GCP Cloud Monitoring
Terraform-Managed Dashboards and Alerts
All dashboards and alert policies are managed through Terraform. Code-based management ensures reproducibility and change history, rather than manual GCP Console configuration.
Dashboard Layout
A 12-tile dashboard visualizes the following:
| Category | Metrics |
|---|---|
| Cloud Run | CPU usage, memory usage, request count, latency (P95) |
| Cloud Run | Active instances, idle instances |
| Cloud SQL | CPU usage, connections, disk usage |
| Errors | 5xx error rate, 4xx vs 5xx breakdown, application error log count |
Alert Policies
The following alerts are defined in Terraform, triggering email notifications when thresholds are exceeded:
| Alert | Target | Purpose |
|---|---|---|
| CPU usage | Cloud Run | Performance degradation signals |
| Memory usage | Cloud Run | OOM risk |
| Response time | Cloud Run | User experience degradation |
| 5xx error rate | Cloud Run | Server error occurrence |
| 4xx error rate | Cloud Run | Spike in invalid requests |
| Active instances | Cloud Run | Unexpected scaling |
| Idle instances | Cloud Run | Wasted costs |
| CPU usage | Cloud SQL | Database load |
| Connections | Cloud SQL | Connection pool exhaustion |
| Disk usage | Cloud SQL | Storage pressure |
| App error count | Log-based metric | Application anomalies |
# Example: 5xx error rate alert
resource "google_monitoring_alert_policy" "error_rate" {
display_name = "High Error Rate"
conditions {
display_name = "HTTP 5xx error rate"
condition_threshold {
filter = "... metric.type=\"run.googleapis.com/request_count\" AND metric.label.response_code_class=\"5xx\""
comparison = "COMPARISON_GT"
threshold_value = var.error_rate_threshold
aggregations {
alignment_period = "60s"
per_series_aligner = "ALIGN_DELTA"
}
}
}
alert_strategy {
auto_close = "86400s"
}
}
All alerts have enable_xxx_alerts variables, allowing per-environment enable/disable control.
Log-Based Metrics
ERROR logs from Cloud Logging are converted into custom metrics and used as alert policy targets:
resource "google_logging_metric" "app_errors" {
name = "app_error_count"
filter = "resource.type=\"cloud_run_revision\" AND severity=\"ERROR\""
metric_descriptor {
metric_kind = "DELTA"
value_type = "INT64"
display_name = "Application Error Count"
}
}
This makes structured log ERROR output directly alertable through GCP.
Error Handler
func ErrorHandler() gin.HandlerFunc {
return func(c *gin.Context) {
c.Next()
lastGinError := c.Errors.Last()
if lastGinError == nil {
return
}
var appErr *shared.AppError
if errors.As(lastGinError.Err, &appErr) {
if gin.Mode() == gin.ReleaseMode {
// Production: error code and generic message only
c.JSON(appErr.Status, shared.AppError{
Code: appErr.Code,
Message: "An unexpected error occurred.",
})
} else {
// Development: detailed error information
c.JSON(appErr.Status, appErr)
}
return
}
}
}
- Production hides internal error details from responses (security)
- Development returns detailed error information (debugging efficiency)

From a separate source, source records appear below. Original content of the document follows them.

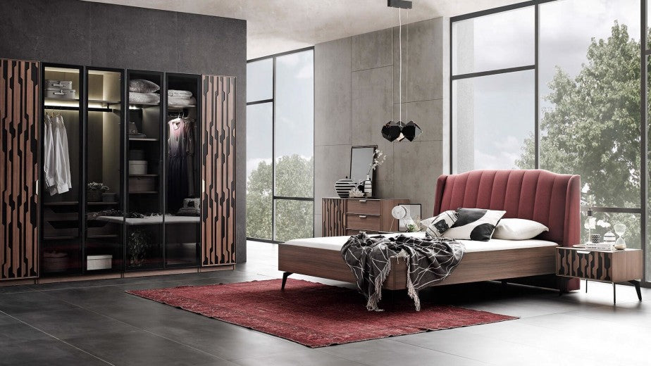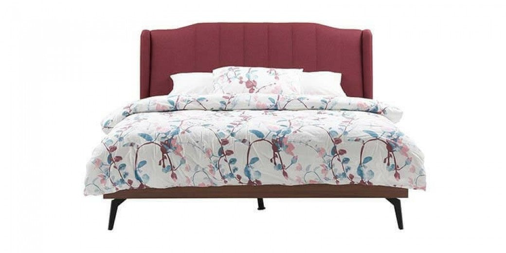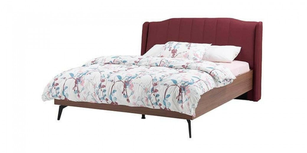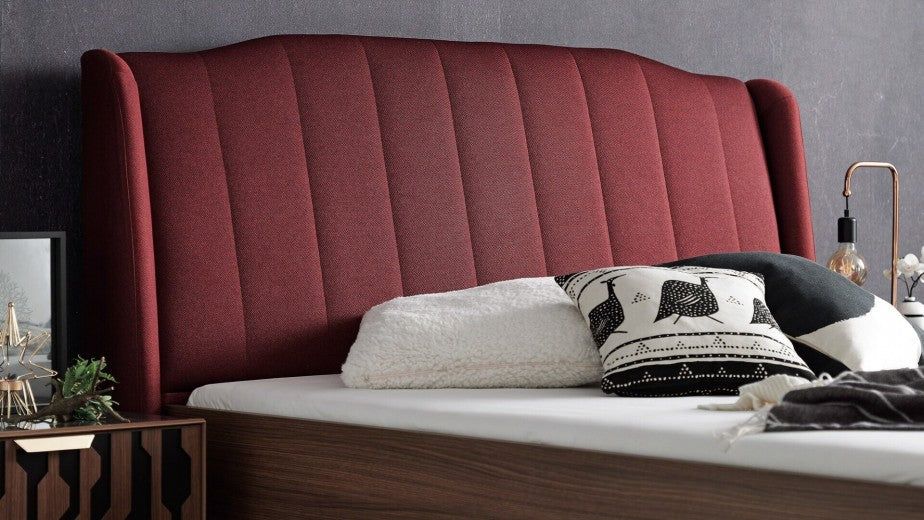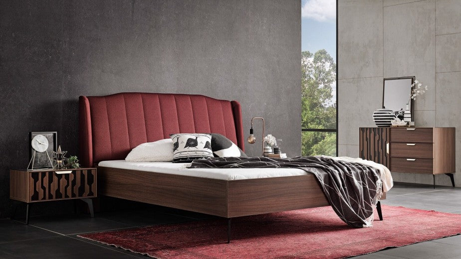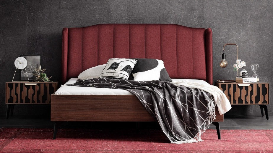 Lit en bois et rembourré avec Louisa Bordeaux / Noyer-200 x 180 cm
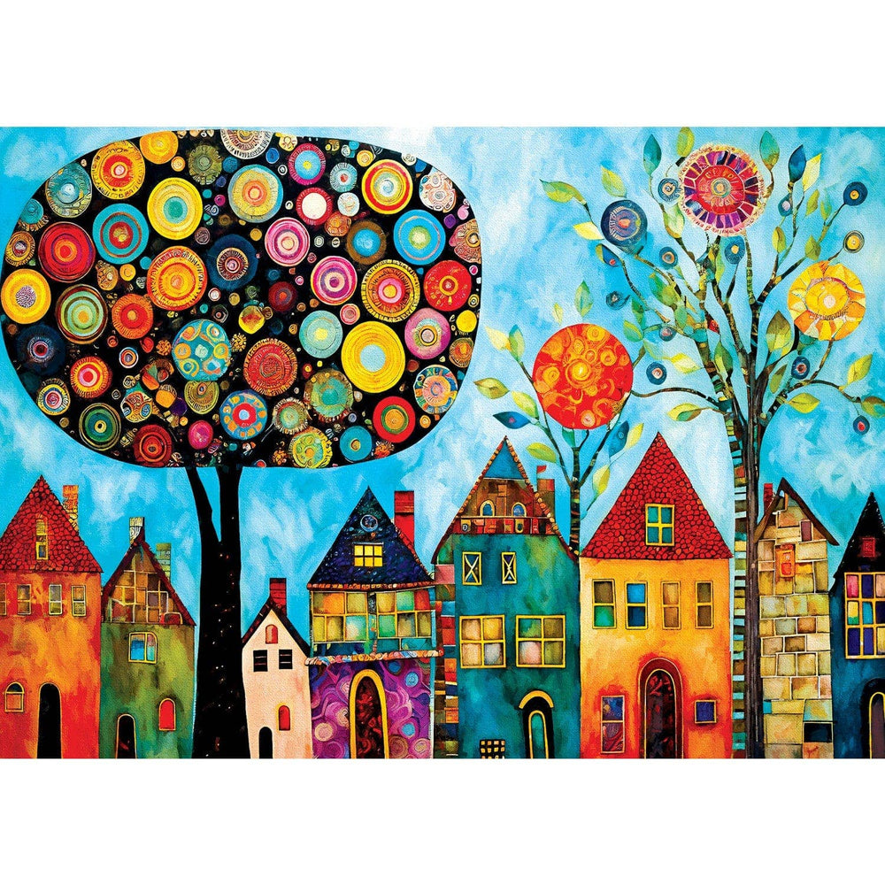 A small, vibrant town brought to life in a bright, modern folk art style. The buildings, each uniquely painted in bold, cheerful colors like sunny yellows, deep blues, and vivid reds, line the winding streets, their facades adorned with whimsical patterns and playful details. Windows and doors are framed by intricate, hand-painted designs, and rooftops are dotted with charming chimneys and weather vanes. The town square, bustling with life, is filled with townsfolk depicted in joyful, animated poses, their attire as colorful and diverse as the buildings. Trees with oversized, stylized leaves and flowers in exaggerated, radiant hues dot the landscape, adding to the lively atmosphere. The sky above is a clear, bright blue, with fluffy, decorative clouds that seem to float like cotton candy. This enchanting image captures the heartwarming essence of community and creativity, blending tradition with a contemporary twist in a delightful, eye-catching composition.
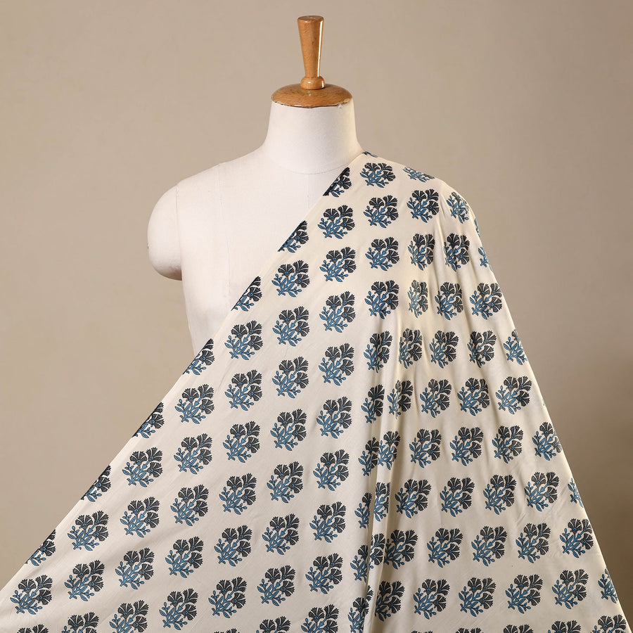 This white screen-printed cotton fabric from Rajasthan features vibrant jaipur-style motifs. Crafted with bleed-free VAT dyes, it's lightweight and breathable, perfect for dresses, tunics, or creative home projects.
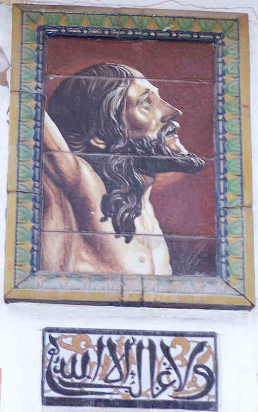 En la parte inferior del mismo otro azulejo con letras arábicas que su traducción es la siguiente : "SOLO HAY UN DIOS" o lo que es lo mismo El Shahada, el Credo Islámico .-
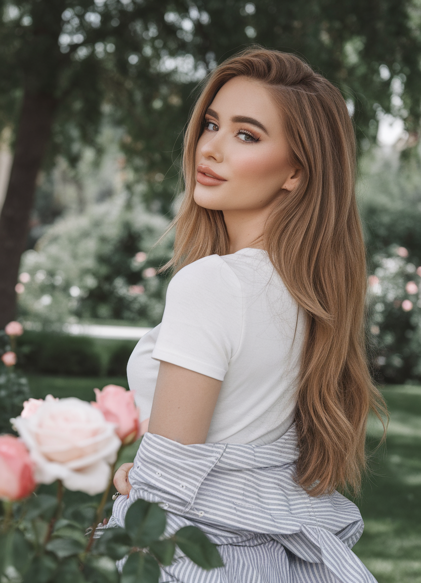 The hair color brings out natural mid-brown tones that combine with soft golden reflections that intensify with sun exposure. A casual, loose style with soft waves keeps the whole look natural and light. Color choices allow those with dark blonde hair to enhance their natural beauty with pale summer tones. A perfect example of low-maintenance, warm-weather beauty.
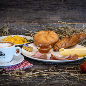Frühstück klein inkl. Chickis Café, Tee oder Kakao Ein Glass 0,2 Orangensaft, Frisch gebackene „Kärntner Semmel“ mit Butter, Marillen/Erdbeer-Marmelade oder Schinken und Käse. AllergeneAllergene folgen Das könnte dir auch noch…
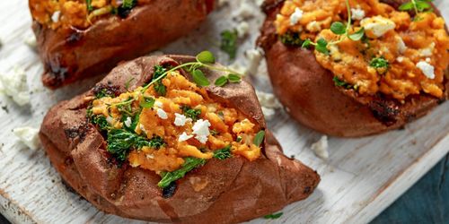 Sötpotatis är ett underbart gott tillbehör som passar till de flesta köttbitar eller fisk. Denna krossade variant är också god som ensamrätt ihop med en sallad!
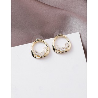 LRC Anting Tusuk Fashion Golden 925 Silver Pin Circle Gold Plated Diamond Stud Earrings D59656
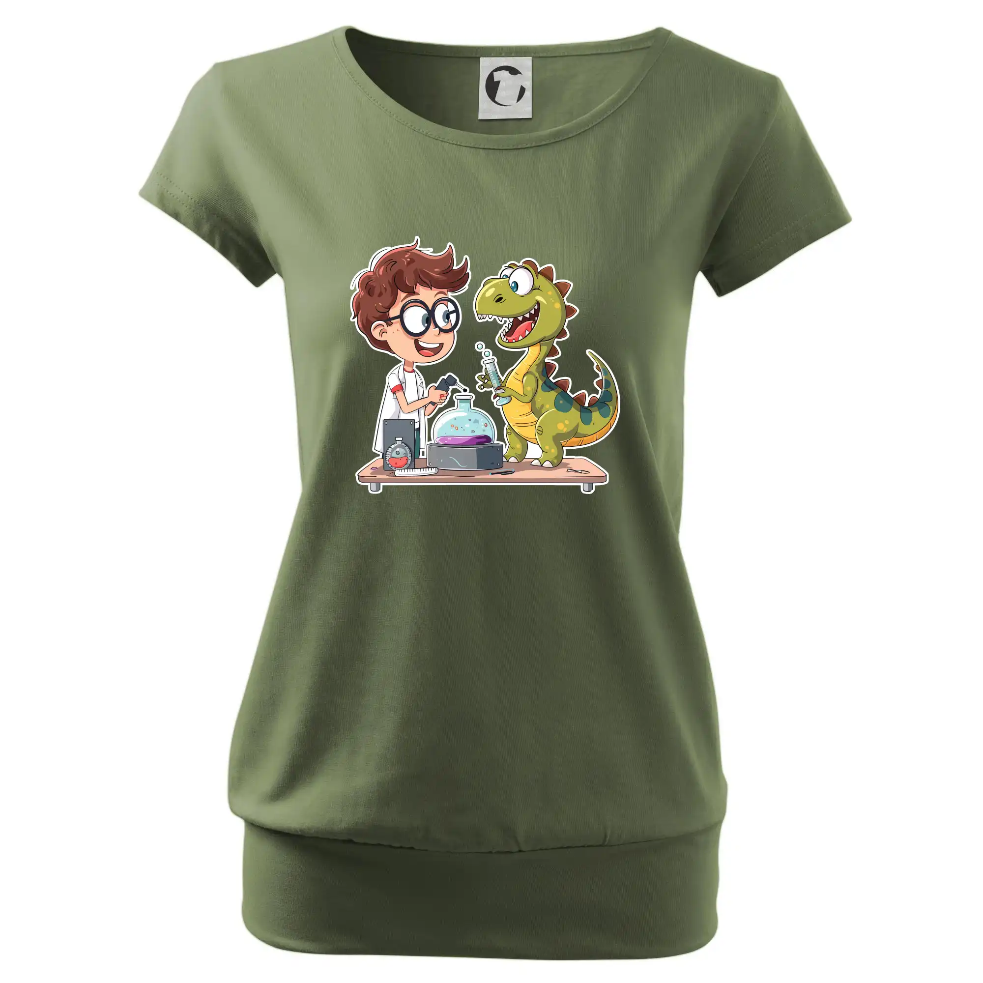 Trendové dámské triko s velmi krátkým rukávem, volnějšího střihu, v dolním kraji všité do širokého lemu. Kulatý průkrčník s úzkým lemem ze shodného materiálu.
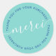 Pegatina Redonda Elegante guión verde azulado francés merci gracias
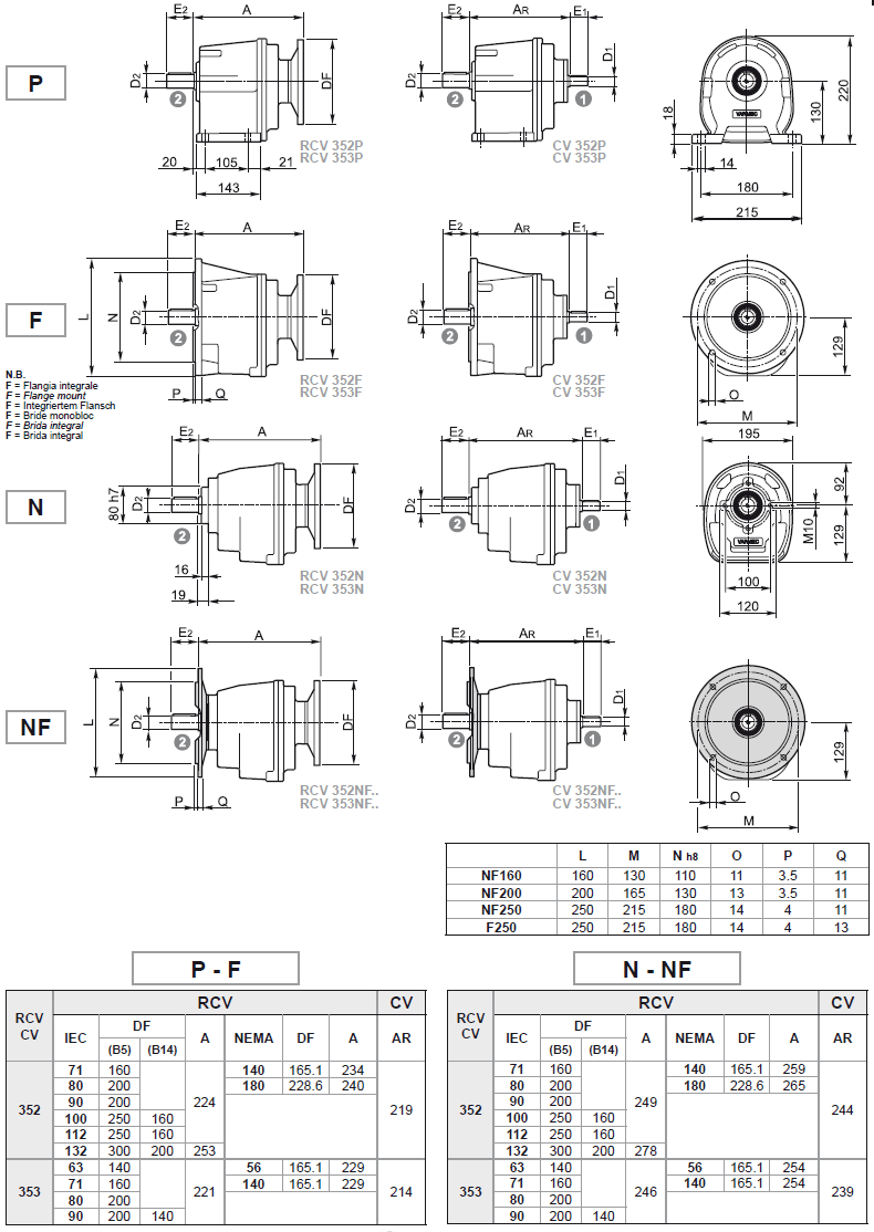 Габаритные и присоединительные размеры RCV 352-353
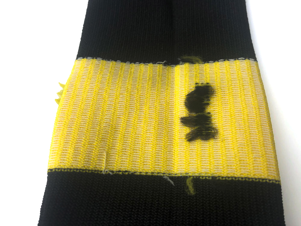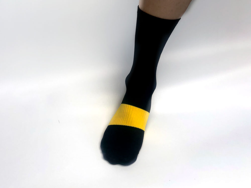 足首の動きを阻害しないようにシワになりにくい構造にして、摩擦にも強くしています。

- All errors are recorded in structured logs (traceability)
Admin Web App
A dedicated admin web app (React + TypeScript) provides visibility into service health:
- Payment analytics: revenue trends, success rates, daily breakdowns, event rankings
- System statistics: real-time user count, event count, participant count
- Event management: event status monitoring and operational controls
This surfaces business metrics that are difficult to track through the GCP Console alone.
Conclusion
Here's a summary of the monitoring stack:
| Layer | System | Purpose |
|---|---|---|
| Application | Structured logging (slog) | Root cause identification |
| Application | Request ID | Cross-request tracing |
| Application | Error handler | Appropriate prod/dev responses |
| Notification | Discord error/warn alerts | Immediate anomaly detection |
| Infrastructure | GCP Cloud Monitoring | Resource usage visibility |
| Infrastructure | Alert policies (Terraform) | Automated threshold detection |
| Business | Admin web app | Business metrics visibility |
Building something that works is just the beginning. Keeping it running reliably requires monitoring infrastructure like this. As a solo developer, building systems that detect problems even when you're not watching is essential.